I worried about that part because Rainbow is beloved by a lot of Lambs and it has wonderful moments. Visually, Rainbow is so queer-coded; it’s called Rainbow, the cover photo was done by David LaChapelle, who aesthetically has a very gay campy style. But for me, it is the album with the most skips. Still, to this day, no matter how much I listen to it, it sounds a little thrown together. I learned in the memoir that she recorded it in three months in a desperate attempt to get out of her recording contract at Sony Music, after the divorce from Tommy Mottola.
But I appreciate that she was digging into different sides of hip-hop, because she has Master P and Mystikal on one of the deeper cuts. It’s great to hear their gruff New Orleans sound against her really pretty vocals. But what I would have loved to hear would have been more introspection. That does happen on a song called “Petals,” which is one of her darkest songs, but I would have loved to hear more in that vein, something more personal and soulful from her.
Why Mariah Matters is honest about her personal struggles. Why do you think Mariah has persisted despite the ups and downs of her career?
I think music is a salvation for her. Even though she's not as not turning music out the way she was in the ‘90s, she still seems artistically hungry when she does put out music. I think of [Me. I Am Mariah…] The Elusive Chanteuse, the music on there is so searching, seeking, emotionally open – she still has what it takes to be an artist using her craft and her genius to make sense of her world.

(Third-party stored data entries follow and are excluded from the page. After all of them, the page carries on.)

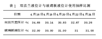我公司200m³液氨球罐上裝有一臺3851DP雙法蘭差壓液位計(量程:-62.04~20.79KPa)、一臺磁翻板液位計和一臺玻璃板式液位計。磁翻板液位計由于其腔體未能定期檢修使磁柱顏色不變,因而無法檢測;另一臺雙法蘭差壓液位計運行穩定,但測量值同玻璃板式液位計顯示有誤差。2014年4月儀表人員抽樣比測記錄數據,見表1所示。因老式玻璃板式液位計沒有詳細刻度,該數據為粗略目視值。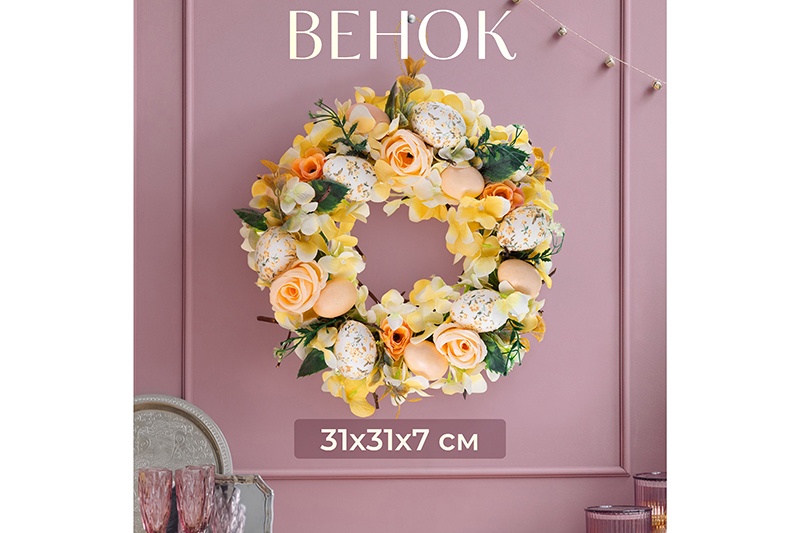 Пасхальное украшение венок 31*31*7,5 см "Солнечный свет"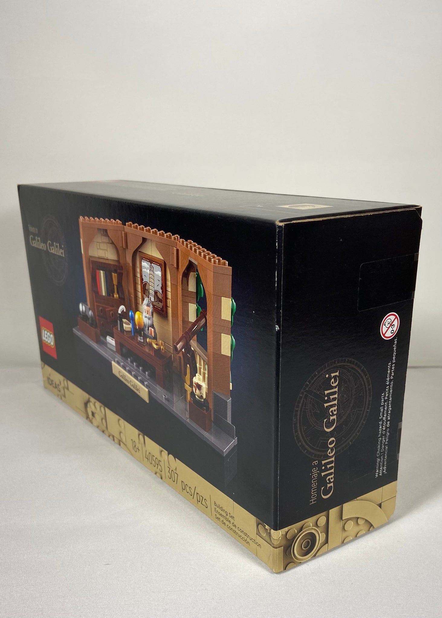 Ensemble LEGO Ideas Tribute to Galileo Galilei (#40595), une scène détaillée rendant hommage au célèbre astronome. Comprend la minifigurine de Galilée, son bureau, des instruments scientifiques, un télescope, des livres et une mise en scène historique très fidèle.
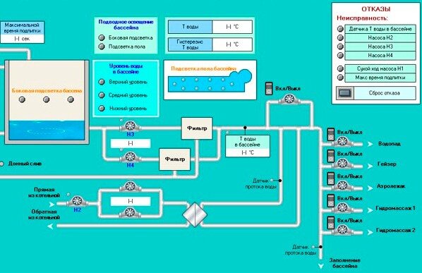 Диспетчерский компьютер. Подсистема управления оборудованием бассейна. Оборудование МЗТА |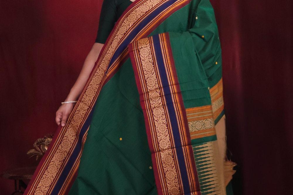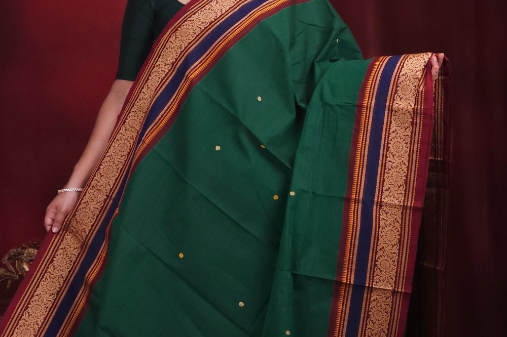Dark Green Kanjeevaram Cotton Saree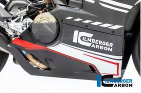The bellypan fits perfectly with the attached Akrapovic Slip On System and the original side panels, it is closed at the bottom for collecting any leaking liquids. The high-gloss surface pronounced the sporty character of the Panigale V4 / V4 S Racing.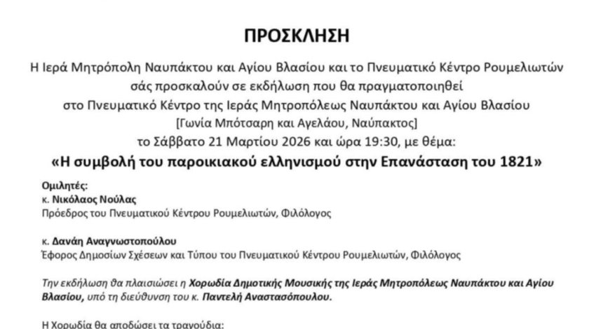 Η εκδήλωση θα πραγματοποιηθεί το Σάββατο 21 Μαρτίου 2026 και ώρα 19:30, στο Πνευματικό Κέντρο της Ιεράς Μητροπόλεως Ναυπάκτου και Αγίου Βλασίου, στη Ναύπακτο.
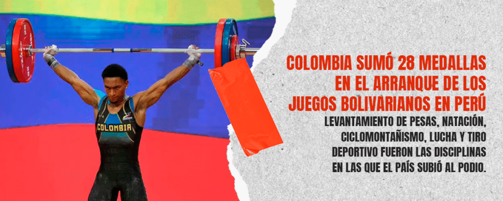 La delegación colombiana tuvo un desempeño sobresaliente en la jornada inaugural de los Juegos Bolivarianos que se desarrollan en Ayacucho, Ica, Callao y Lima. En total, el país obtuvo 28 medallas, distribuidas en 9 oros, 16 platas y 3 bronces, en disciplinas como levantamiento de pesas, natación, mountain bike, lucha y tiro deportivo.
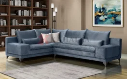 Εντυπωσιακός γωνιακός καναπές προσφέρει πλούσιο και άνετο κάθισμα, ιδανικό για χαλάρωση και κοινωνικές συναθροίσεις.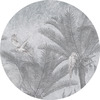 Hochwertige Tapete Kreis mit Dschungelmotiv in grauen Farbtönen – hergestellt mit umweltfreundlicher Tapetendrucktechnologie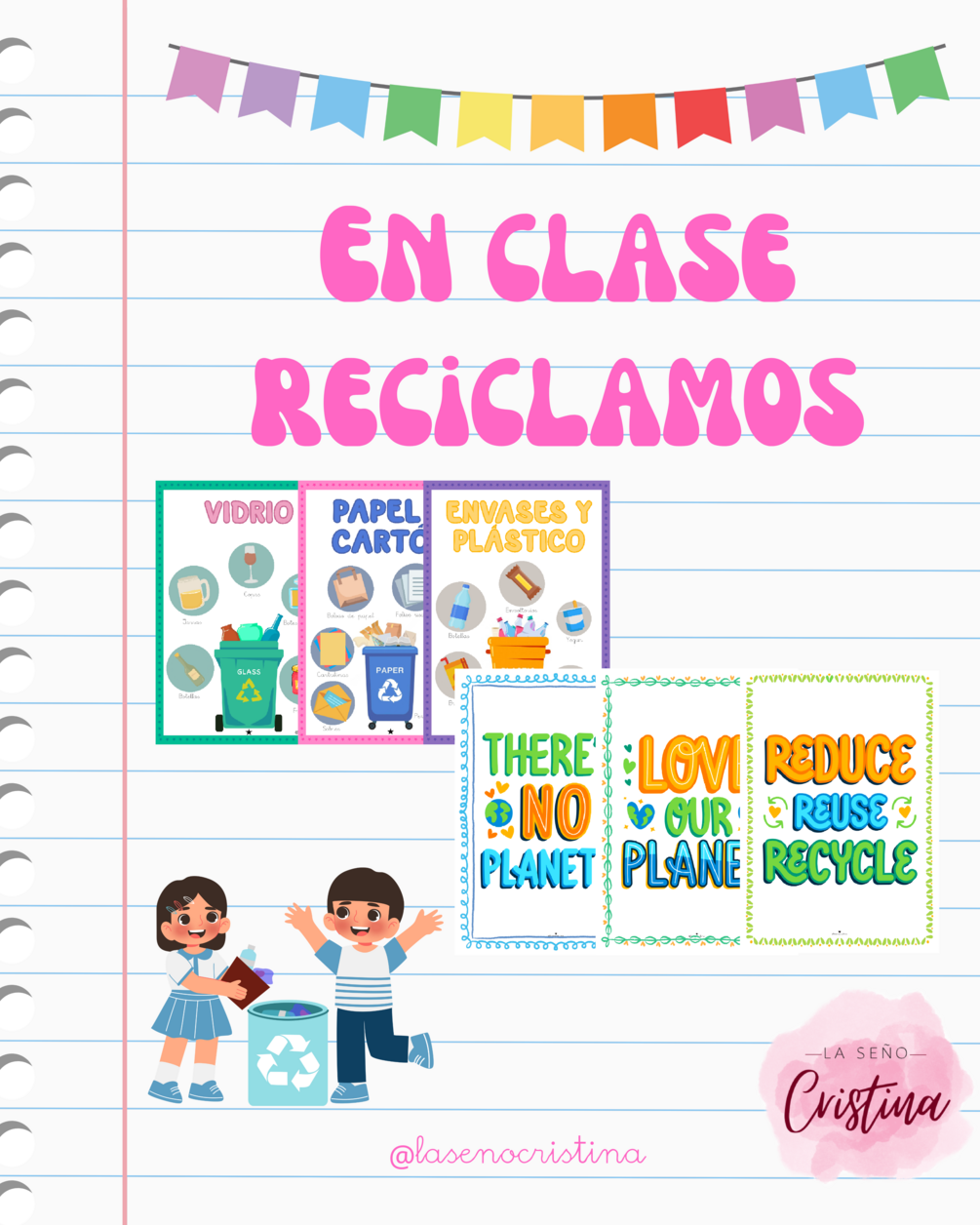 Os dejo este material para que podáis decorar vuestra clase y organizar los contenedores de papel, de plástico y de vidrio. Es una manera de incentivar a vuestros alumnos/as a reciclar y a reutilizar.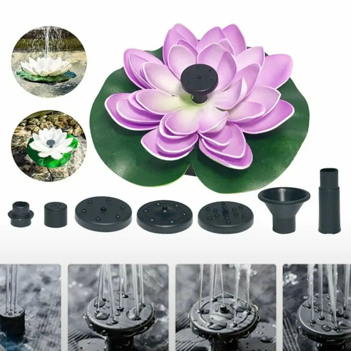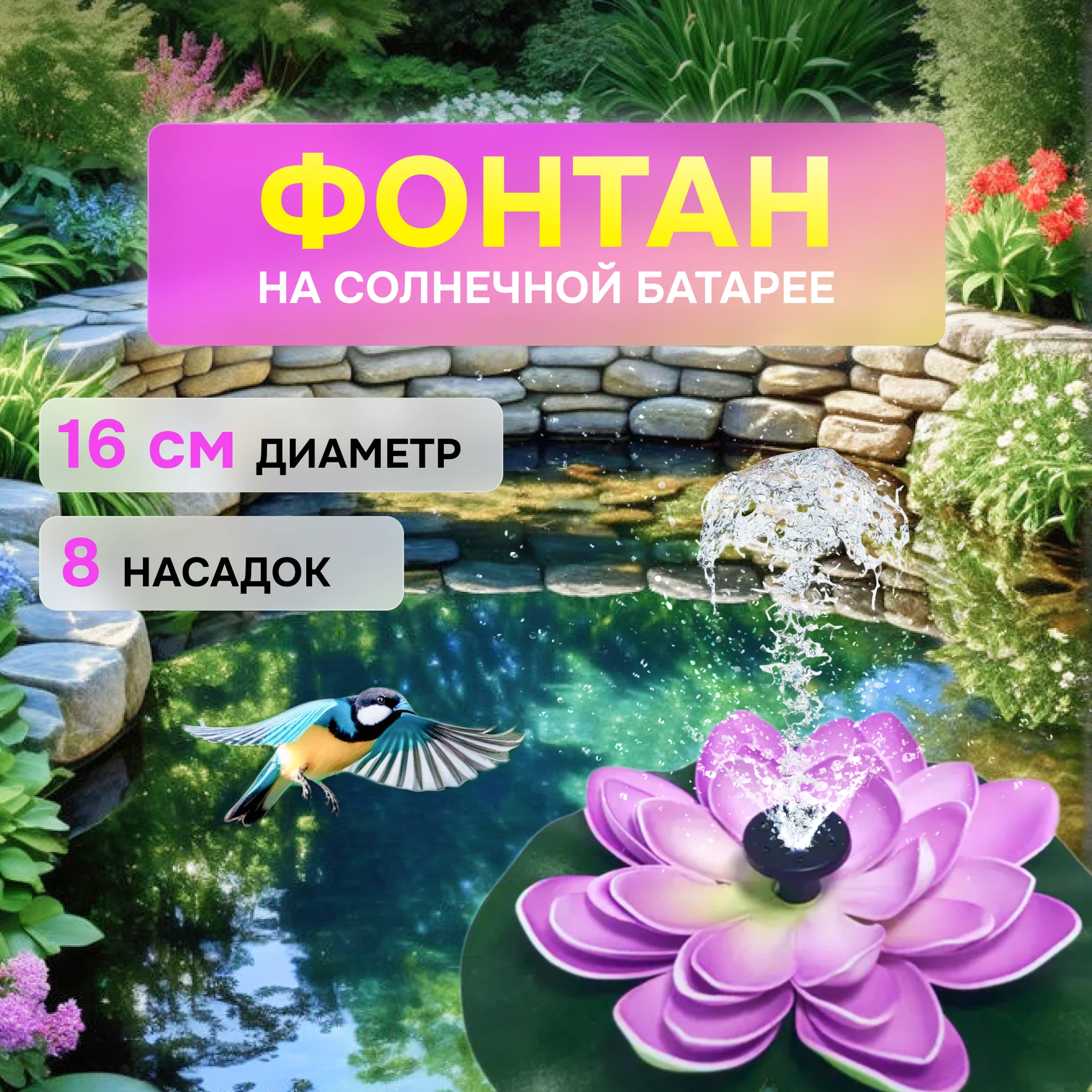 Этот компактный фонтан станет настоящим украшением вашего пруда или бассейна. За счет солнечной батареи он идеально работает на солнце, создавая прекрасный декоративный эффект.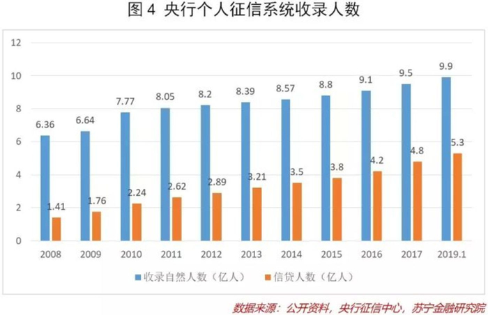 我国的征信行业是“政府+市场”双轮驱动的发展模式,截止2019年,央行征信中心已经收录自然人9.9亿人,有信贷记录人数5.3亿,征信覆盖率为38%(与总人口对比)。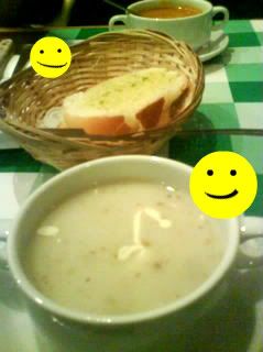 My Cream of mushroom, Friend's Lobster soup, our garlic bread :)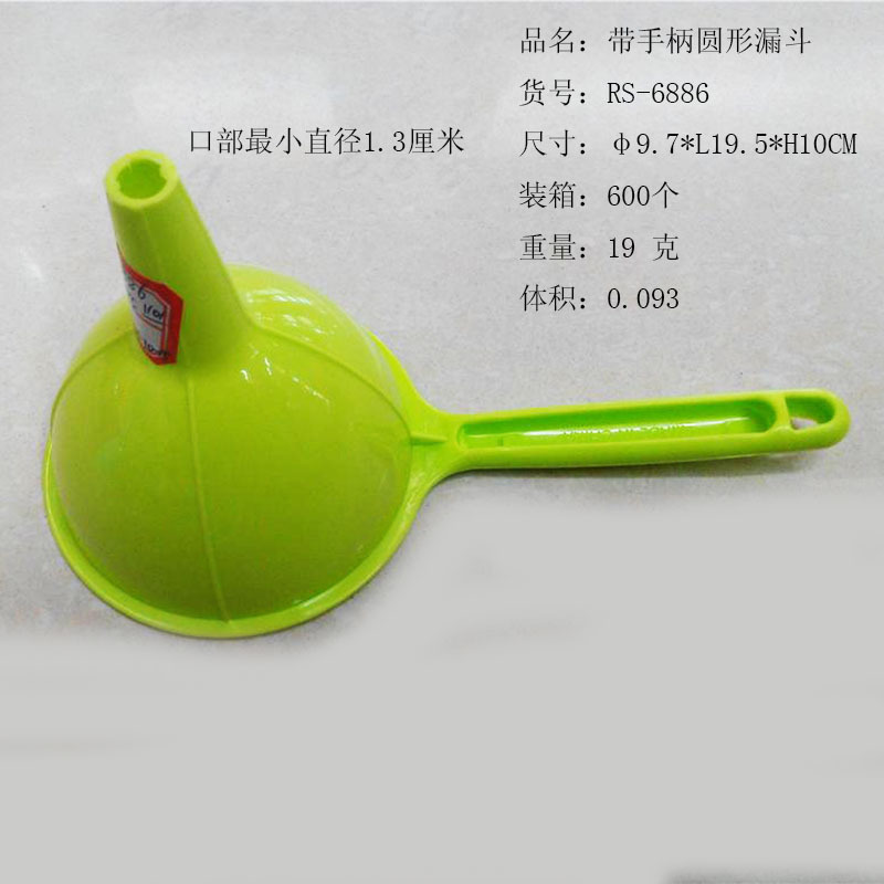 ITEM NO.【Product Model Number】: RS-6886 NAME【Product Name】: Long-Handle Funnel QTY【Quantity】: 600 pieces "CBM【纸箱体积】:0.093 Material【Product Material】:PP Color【Product Color】:mixed loading Weight: 19 grams Packaging【包装方式】:Bulk "W.G【Gross Weight of a Full Container】:12.5kilogram N.G【Gross Weight of the Full Container】: 11.5 kg"斤"在中文中通常指的是重量单位,1斤等于500克。如果您需要翻译其他与"斤"相关的文本,请提供具体内容。 SIZE【Product Size】: Maximum Diameter 9.7*Handle with 19.5* Height 10centimeter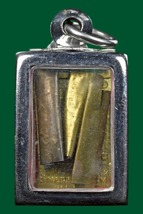 เหรียญสี่เหลี่ยมรูปเหมือน หลังยันต์เกราะเพชร ขนาดเล็ก เนื้อทองเหลือง สร้างเป็นที่ระลึก แซยิด 76 ปี ในปี 2539 |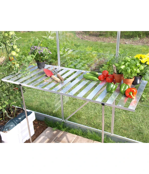 Sie sind auf der Suche nach sinnvollem Zubehör für Ihr Gewächshaus, weil Sie dieses noch besser nutzen möchten? In diesem Fall kann der praktische Vitavia Alu-Tisch sehr interessant für Sie sein. Er bietet sich zum Beispiel wunderbar zum griffbereiten Ablegen von allerlei Arbeitsmitteln an. Im Hinblick auf das Format ist das Möbel auf die Gewächshäuser von Vitavia angepasst. Auf diese Weise können Sie den Raum in solchen Modellen sehr effizient nutzen. Natürlich ist der Tisch auch für viele andere Häuschen zum Kultivieren von Pflanzen eine geeignete Option. Mit seinem filigran gezeichneten Look wirkt der Vitavia Gewächshaus-Tisch außerdem sehr attraktiv. Er fügt sich auf eine wundervolle, dezente Art und Weise in sein Umfeld ein.
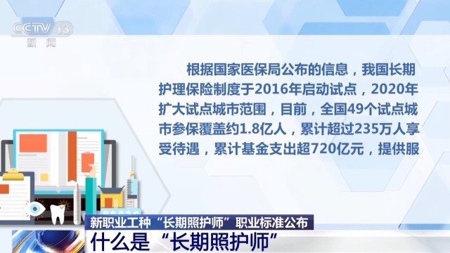日前,兩部門制定了長期照護(hù)師的國家職業(yè)標(biāo)準(zhǔn),并頒布施行。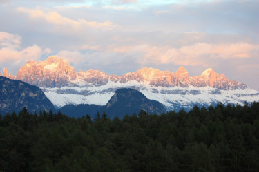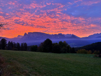 Die Dolomitenbewohner haben für dieses Phänomen eine eigene Geschichte erzählt, die Sage von König Laurin und seinem Rosengarten und da erzählt man sich: „Vor langer Zeit lebte im Felsmassiv des Rosengartens ein Zwergenvolk. König Laurin verliebte sich in die Tochter des Königs und plante, sie zu rauben. Doch die Männer des Königs zogen aus, um sie zurückzuholen. Um sich dem Kampf zu stellen, zog Laurin eine Tarnkappe über. Doch als er heimlich durch seinen Rosengarten schlich, verrieten die Blumen seine Position, und er wurde gefangen genommen. In seiner Wut verfluchte Laurin den Rosengarten, sodass er weder bei Tag noch bei Nacht blühen sollte –jedoch die Dämmerung vergaß er. So leuchtet der Rosengarten bis heute nur in den magischen Momenten des Sonnenuntergangs wenige Minuten und verzaubert alle, die das Glück haben, dieses Naturschauspiel zu erleben. Die Dolomiten, nicht umsonst ein „Weltnaturerbe“, sind bekannt für ihr außergewöhnlich farbintensives Leuchten – so intensiv, dass man auch von den Burning Dolomites („brennende Dolomiten“) spricht.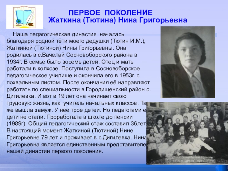 Наша педагогическая династия началась благодаря родной тёти моего дедушки (Тютин И.М.), Жаткиной (Тютиной) Нины Григорьевны. Она родилась в с.Вачелай Сосновоборского района в 1934г. В семье было восемь детей. Отец и мать работали в колхозе. Поступила в Сосновоборское педагогическое училище и окончила его в 1953г. с похвальным листом. После окончания её направляют работать по специальности в Городищенский район с. Дигилевка. И вот в 19 лет она начинает свою трудовую жизнь, как учитель начальных классов. Там же вышла замуж. У неё трое детей. Но педагогами её дети не стали. Проработала в школе до пенсии (1989г). Общий педагогический стаж составил 36лет. В настоящий момент Жаткиной (Тютиной) Нине Григорьевне 79 лет и проживает в с.Дигилевка. Нина Григорьевна является единственным представителем нашей династии первого поколения.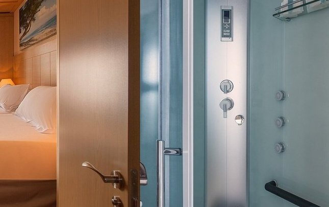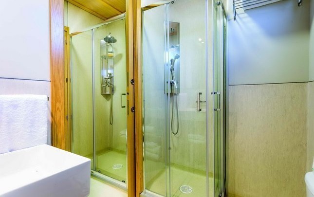 La característica principal de esta cabaña es la columna de hidromasaje con efecto cascada y lluvia del cuarto de baño junto con el espejo …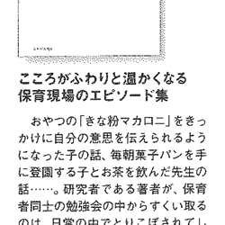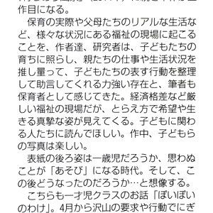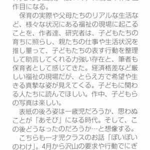 保育の現場、そして子育ての現場で起きるさまざまな問題について、けっして上からものを見ず、言わず、寄り添いながらともに考えていく著者の姿勢に、保育士さんはもちろん、お母さんお父さんの心もほぐされて、明日からの勇気が湧くと思います。

There are many reasons why an artist can be great, it just so happens that what makes Mariah stand out is this idea of salvation. It's a little spiritual, it sounds a little mystical but her music, people talk about how it has saved their life. I think she takes that very seriously because she has spoken about how music saved her life.
How did documenting Mariah’s journey help you contextualize your own?
When you have loved an artist as long as I have loved Mariah, you can pinpoint memories and moments of your life to specific albums, specific songs, specific eras of her career. You know her persona so well that you can almost feel where she's at in her life through the music. These kinds of long-term pop star careers, the way we engage with them, we’re marking time in our own lives. The familiarity of her voice, the familiarity of those melodies, it's almost like solid ground on which to stand sometimes through the twists and turns of my own life. Her life is a story of resilience and she offers us fans an example of how to carry on.
This interview has been edited and condensed for clarity.